BOŞUNA DEĞİL!
Günün sorusu şöyle:
‘Aptallık nedir?’
Yanıtı;
‘Gerçeği bilerek, gerçeği görerek halâ yalanlara inanmak!’
Morgan Freman isimli bir film sanatçısı bunu söylemişti.
Adnan Erbesler ise benzer bir soruya şöyle yanıt vermiş:
‘Meee!’
Buna acaba neler söylenecek neler?
Sevgili Adnan Erbesler bana ‘Kuzu kuzu!’ lafını anımsatıyor.
Ama kazın ayağı böyle değil!
Bugün konuştuklarım arasından üç yetişkin ‘Oy kullanmayacağım!’ dedi.
Biri Çiğli’de ama oyunu Çeşme’de kullanıyor,
‘Gitmeyeceğim!’ dedi.
Bir başkası Alsancak’ta ikamet ediyor ama oyunu yine Çeşme’de kullanan bir, o da oyunu kullanmayacağını açıkladı.
Üçüncü kişi ise hastaneden yarın taburcu olacak Bayraklı’ya kayıtlı ama ‘Sandığa gitmeyeceğim’ dedi.
Demek ki Özgür Özel haklı…
Baksanıza CHP yanlısı olduklarını bildiklerimden üç seçmen sandığa gitmiyor.
Ama bir dördüncü kişi ise ‘Beş kişi olduk’ dedi.
Torunu da oy kullanma yaşına gelmiş.
Üç kayba karşılık CHP bir oy kazanmış oluyor.
*- ÜÇ NAL'A GELEN DÖRT NALA GİDER!
Şinasi Beray,1946 yılında, babasından kalma evin alt katındaki ahırı temizleyip meyhaneye çevirir.

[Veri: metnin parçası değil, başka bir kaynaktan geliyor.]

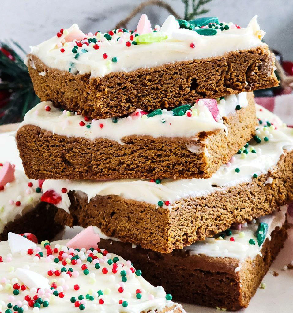 Frost and decorate: Once cooled, spread the cream cheese frosting evenly over the gingerbread cookie bars and finish by generously sprinkling festive holiday sprinkles.

Ahırdan bozma olduğu için adını ‘ÜÇ NAL MEYHANESİ’ koyar.
Kapısı da kovboy filmlerindeki gibi kanatlıdır.
Mekanın müdavimleri, Ankara Lisesinden sınıf arkadaşı Orhan Veli, Cahit Sıtkı Tarancı, Melih Cevdet Anday, Sebahattin Eyüboğlu, Can Yücel gibi Türk Edebiyatının dev isimleridir.

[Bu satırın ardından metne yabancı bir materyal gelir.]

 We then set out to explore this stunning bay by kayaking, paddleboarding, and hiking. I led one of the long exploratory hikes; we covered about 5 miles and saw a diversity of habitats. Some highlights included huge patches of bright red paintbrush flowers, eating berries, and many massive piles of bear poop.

Karikatürist Ratip Tahir Burak, veresiye defterine bir karikatür çizer ve üzerine, ‘İş dördüncü nalla bir ata kaldı, bir de meydana’ yazar.
Bunu gören Orhan Veli, hemen altına, ‘ÜÇ NAL'a gelen, dört nala gider’ diye ekler.
Şair Orhan Veli, 10 Kasım 1950 günü Üç Nal Meyhanesinden çıkar giderken belediyenin açmış olduğu bir çukura düşer ancak bu olayı önemsemez ve İstanbul’a döner.
14 Kasımda bir arkadaşının evinde öğlen yemeği yerken fenalaşır.
Cerrahpaşa Hastanesinde yanlış teşhisle ‘Alkol zehirlenmesi’ tedavisi uygulanır.
Gece yarısına doğru öldüğünde henüz 36 yaşındadır.
*- İŞİN ASLI
15 Kasım günü çıkan gazetelerde ve Ankara ve İstanbul radyolarının yanı sıra BBC, Amerika’nın Sesi, Paris ve Roma radyolarında aynı anda Şair Orhan Veli'nin ‘Alkol zehirlenmesinden’ öldüğü tüm dünyaya duyurulur.
İstanbul Savcı Yardımcısı Cahit Türesel bu ölüm nedenini şüpheli bulup otopsi yaptırır.
Otopside ölüm nedeninin alkol zehirlenmesi değil ‘Beyin Kanaması’ olduğu saptanır.
Bu kanama da Ankara’da dört gün önce belediye çukuruna düştüğünde başını çarpmasından kaynaklıdır.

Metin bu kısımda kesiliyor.